▶ **WHAT YOU SHOULD DO**
Output the data verbatim, minus the images.

▶ **GIVEN INFORMATION**
=-=-=-=-=
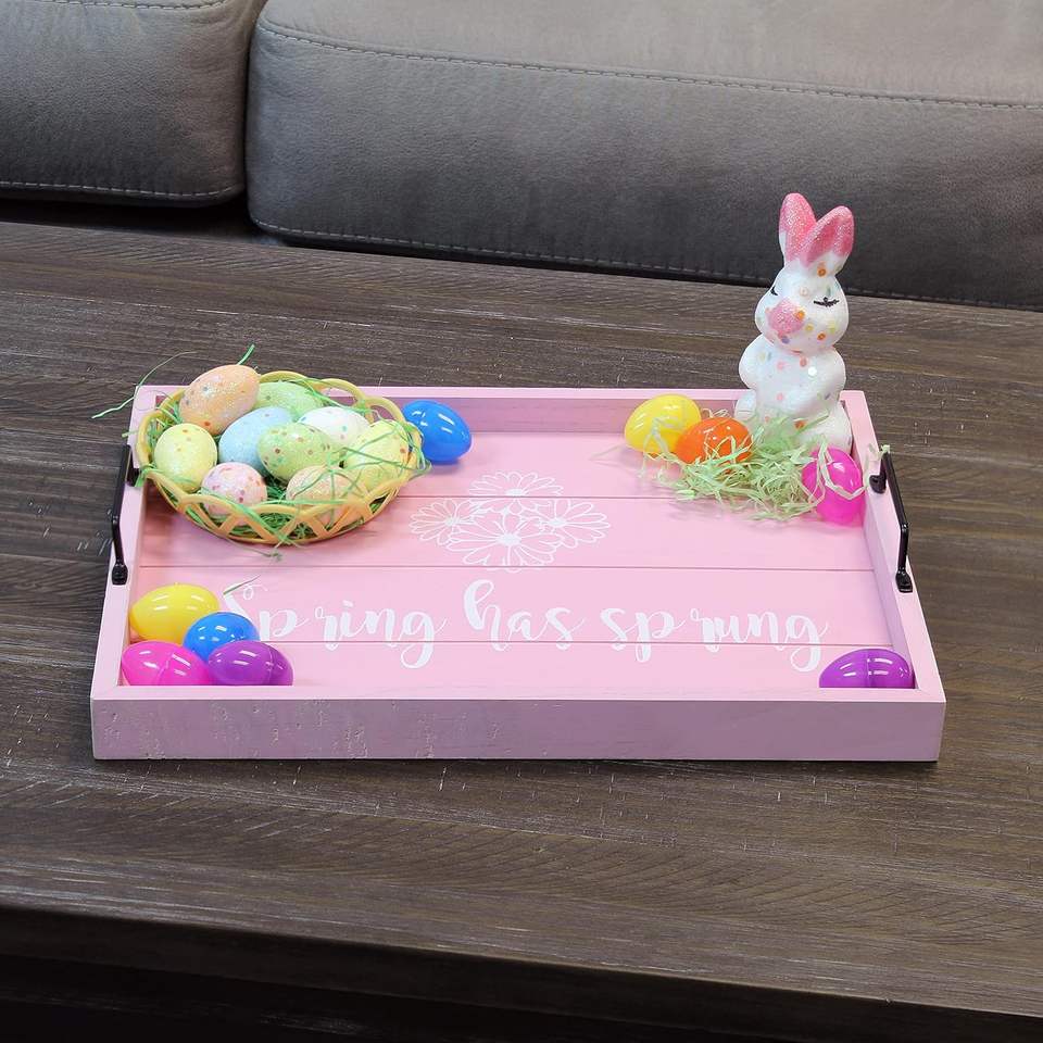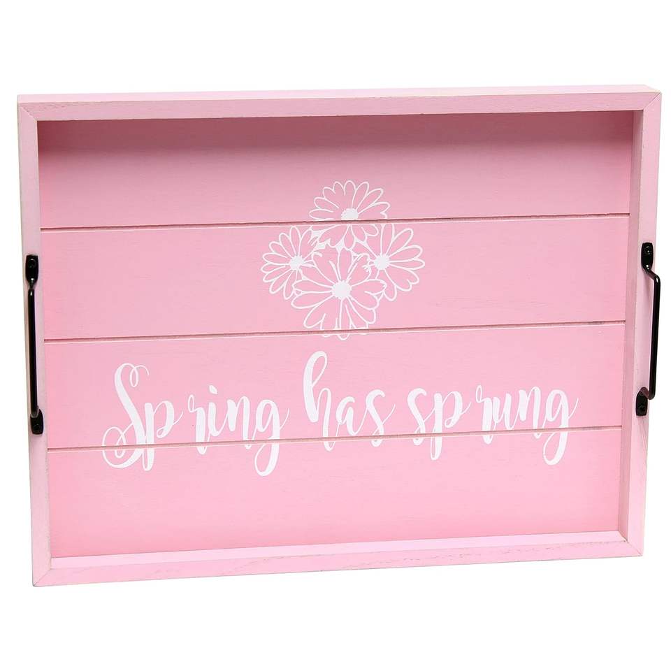 ถาดเสิร์ฟไม้ตกแต่งลายดอกไม้สีชมพูพร้อมหูจับสีดำ รูปทรงสี่เหลี่ยมผืนผ้า ราคาถูกที่สุด
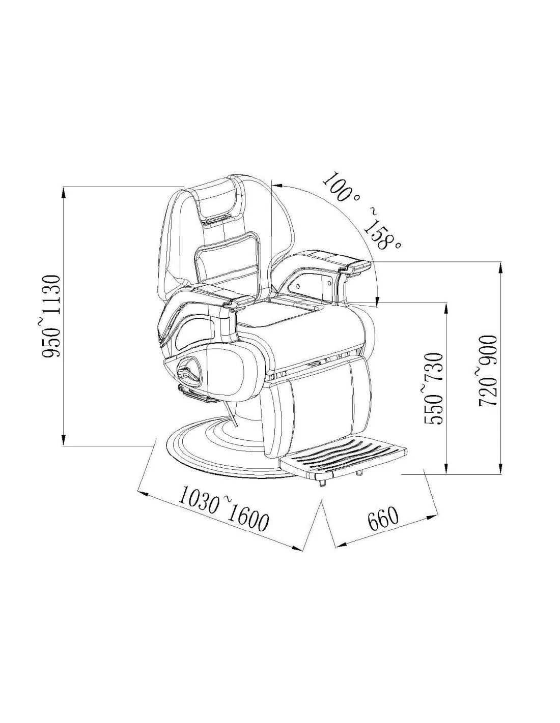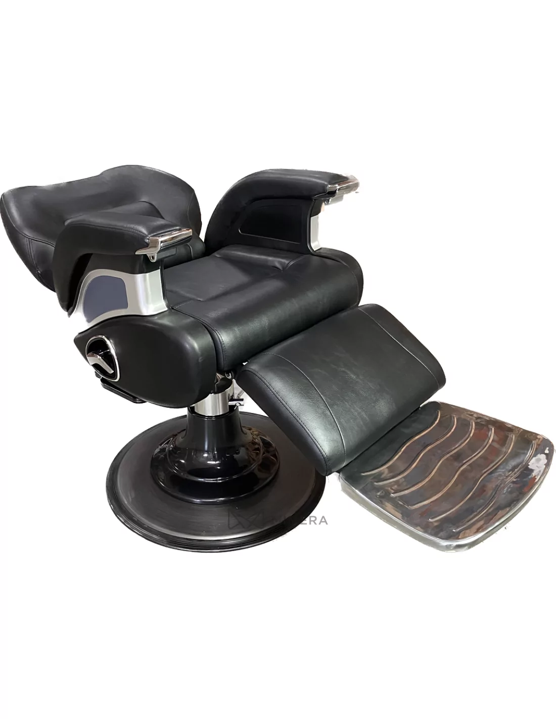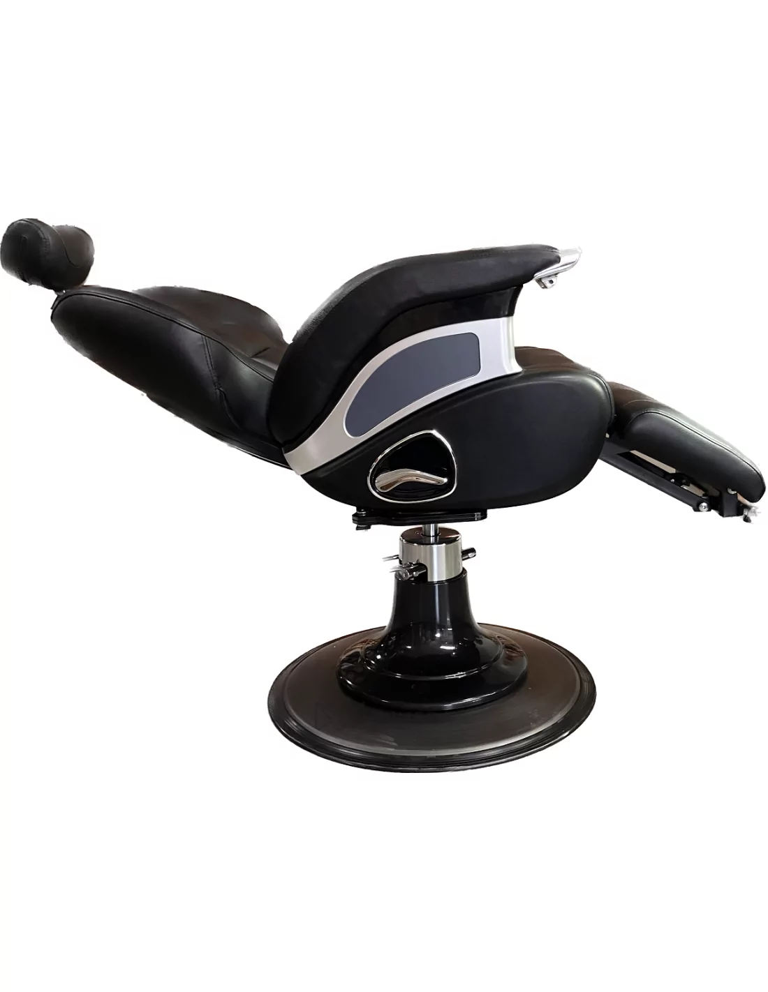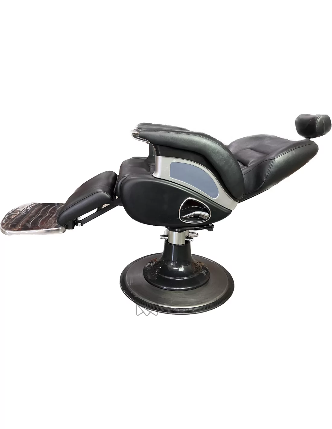 Der Stuhl ist mit einer hydraulischen Pumpe auf einer stabilen Basis ausgestattet, die eine Höhenverstellung ermöglicht. Dank der verstellbaren Teile wie Kopfstütze, Rückenlehne und Fußstütze bietet der Stuhl perfekten Komfort für jeden Kunden. Der Stuhl wird in eine fast waagerechte Position gebracht, um sowohl den Komfort des Kunden als auch einen angemessenen Ansatz des Friseurs zu gewährleisten.
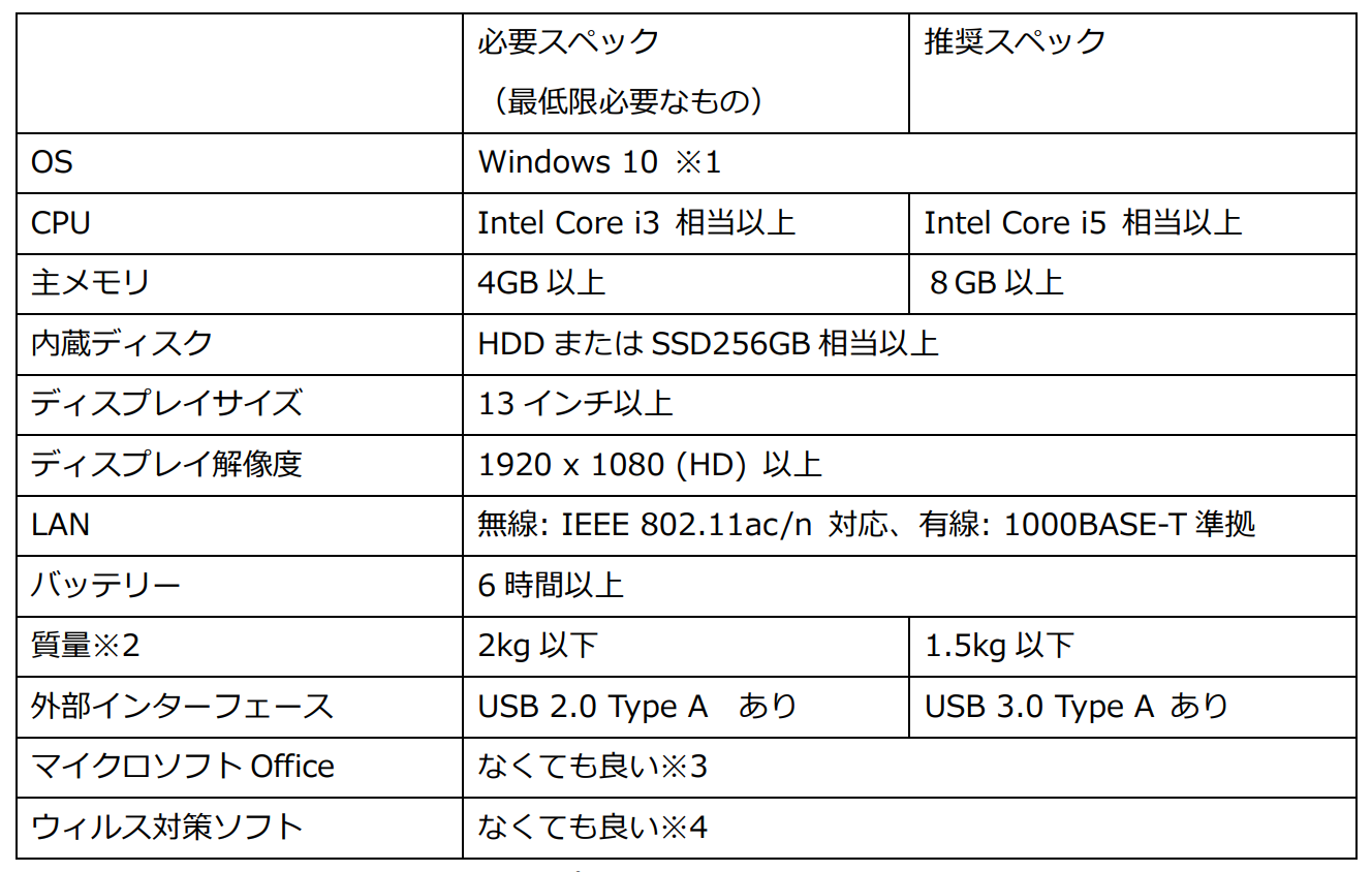 ノートパソコンの準備についてのご案内(令和4年度入学生)
=-=-=-=-=
▶ **REPLY**
 ถาดเสิร์ฟไม้ตกแต่งลายดอกไม้สีชมพูพร้อมหูจับสีดำ รูปทรงสี่เหลี่ยมผืนผ้า ราคาถูกที่สุด
 Der Stuhl ist mit einer hydraulischen Pumpe auf einer stabilen Basis ausgestattet, die eine Höhenverstellung ermöglicht. Dank der verstellbaren Teile wie Kopfstütze, Rückenlehne und Fußstütze bietet der Stuhl perfekten Komfort für jeden Kunden. Der Stuhl wird in eine fast waagerechte Position gebracht, um sowohl den Komfort des Kunden als auch einen angemessenen Ansatz des Friseurs zu gewährleisten.
 ノートパソコンの準備についてのご案内(令和4年度入学生)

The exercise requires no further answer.